# Chickens!



## Guest (Jun 12, 2009)

Hi! I'm new to having these birds as pets- I've been given one as a gift that is approx. 3-4 weeks old. It's in a spacious box lined with newspaper and hay, and has access to clean water and bread (buying seeds now). 
I know i should also prepare a cage for it, and i've got one im disinfecting. What I would like to know is if there are any special needs that chickens have, i.e special food, access to grass, grit, etc.

Thanx!


----------



## TAWhatley (Mar 6, 2001)

Definitely get proper chicken food (scratch grain, mash, crumbles) and don't feed the bread. Bread is OK once in a great while as a "treat", but as food it is junk and not good for the chicken. What kind of cage do you have? A chicken would not do well in a typical cage. 

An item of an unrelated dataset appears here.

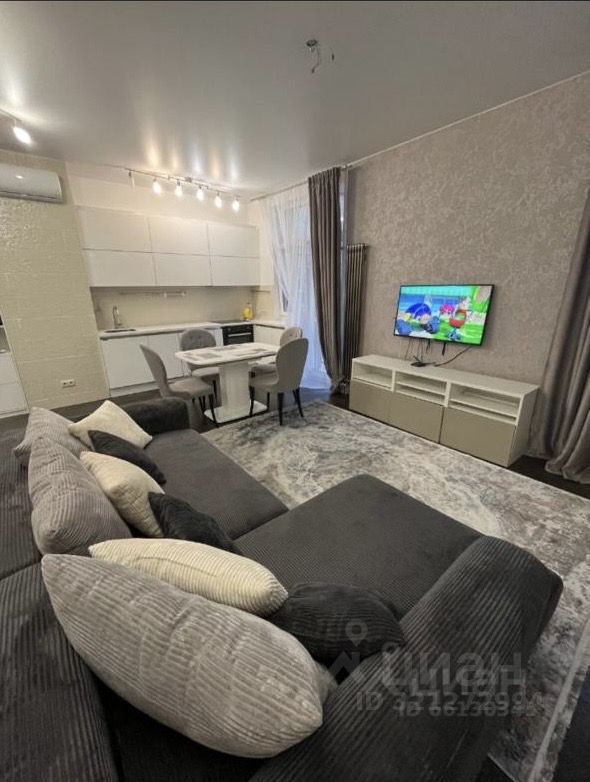 Квартира оформлена в дизайнерском стиле и полностью готова к проживанию. В комнатах и на кухне установлена современная мебель. Из техники есть все необходимое для комфортного проживания: кондиционер, холодильник, посудомоечная и стиральная машины, телевизор. В ванной комнате устроена душевая кабина. Окна выходят во двор, что обеспечивает тишину и спокойствие.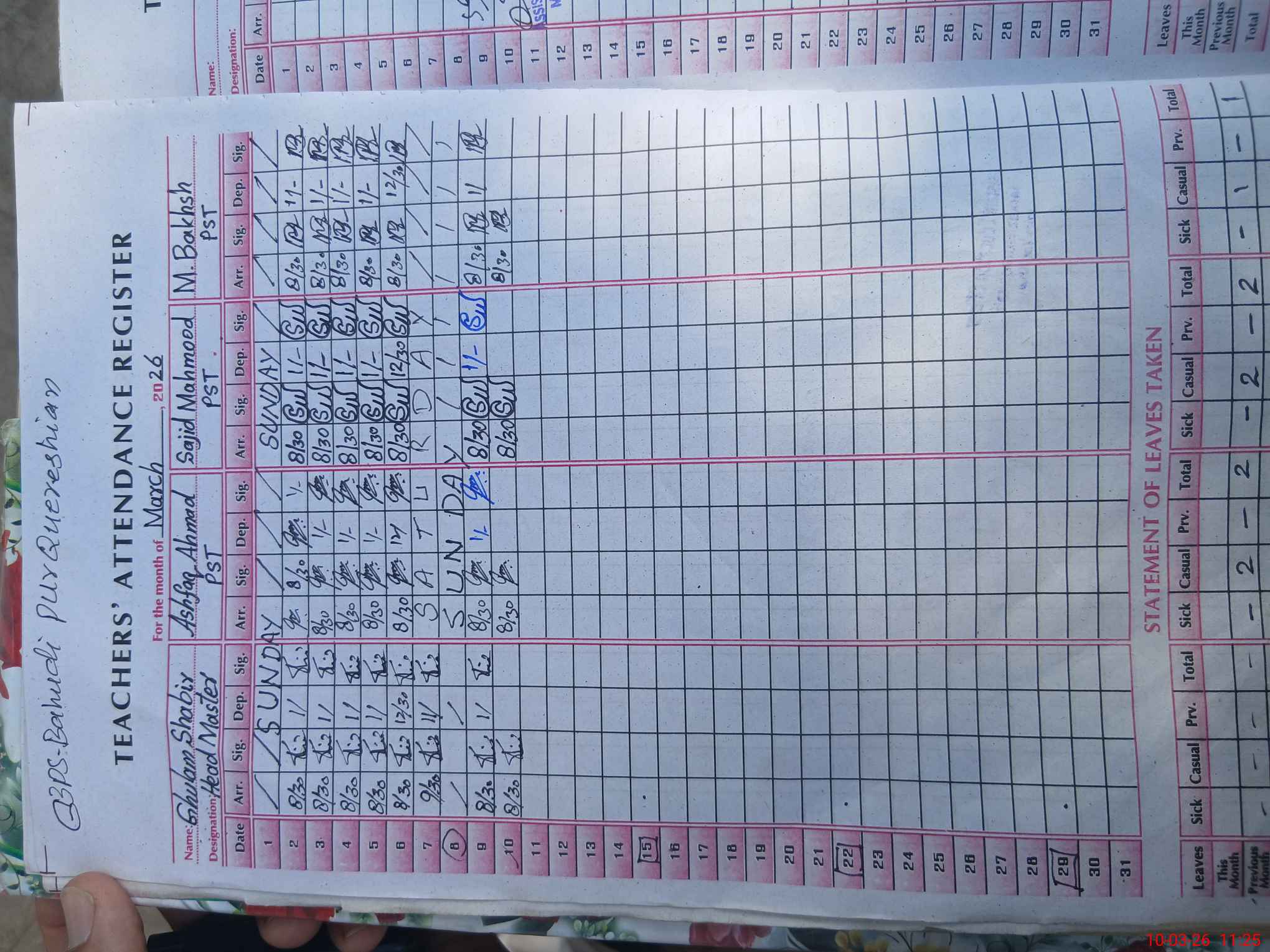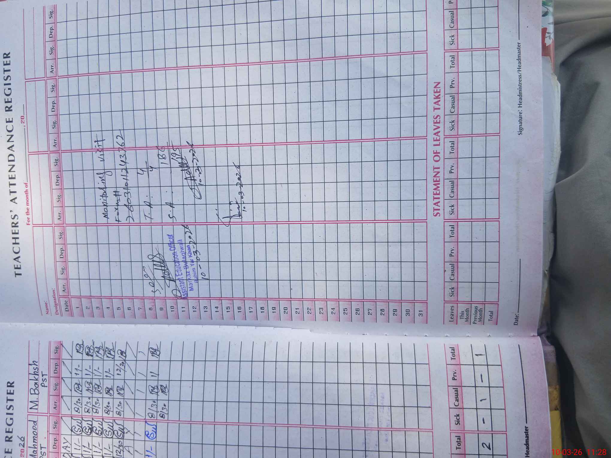 | Name: Gh**** Sh**** Designation: (School Headmaster's/Headmistress's) PST/PTC/JV Phone/Cell Number: 03**** |

We do have members with great chicken knowledge here so please get back to us.

Please do register here .. it will make things easier for you and for us ..

Terry


----------



## Charis (Feb 11, 2007)

http://www.backyardchickens.com/


----------



## Guest (Jun 13, 2009)

*update*

Thanks Charis for the website- i found it very useful. I have moved the chick into a big cage, about the length of a rabbit hutch but twice as wide. It is made completely of wire except for the bottom, which is metal. It is about one metre high.
I have parrot seed mix, which i have been giving it (it seems to like it) and i was only feeding it bread because i had to pick it up from somebody and I thought that you could feed chickens "anything". 
(wel, it turns out i was wrong, but then again- this is my first chicken)
Anyway, i am ChickenGal401, but my computer is not letting me log on, for some reason. I am thinking this is some kind of cookie, but does anybody else have this kind of problem? Perhaps i have a slow HTML connection...
This bird likes to eat a lot, and also has VERY large feet. It feels thin, and it makes a lot of noise. Is this normal (not the thin part)?

All advice Appreciated!


----------



## hugh (Apr 27, 2009)

Make sure the wire diameter is fairly small because ***** can reach in and pull the bird to the edge and eat it. If its chainlink minks, weasels, and small possiums can squeze through. I have all of my pens wrapped in 1/2 inch square wire mesh. Best of luck.


----------



## maryjane (Jul 15, 2006)

Glad to hear your chick is doing well. Yes, they do make a lot of noise, so that's normal. You definitely want to be feeding her "chick crumbles" right now, with some "scratch grain" mixed in. When she is older you can switch to "lay crumbles". These provide all the nutrients for them, especially when they're young. Parrot seed is good for a treat but not for them to eat regularly, which seems silly as it's so darn expensive lol. But get her on a good crumble mix and that will fatten her up some. I'm glad things are going well.


----------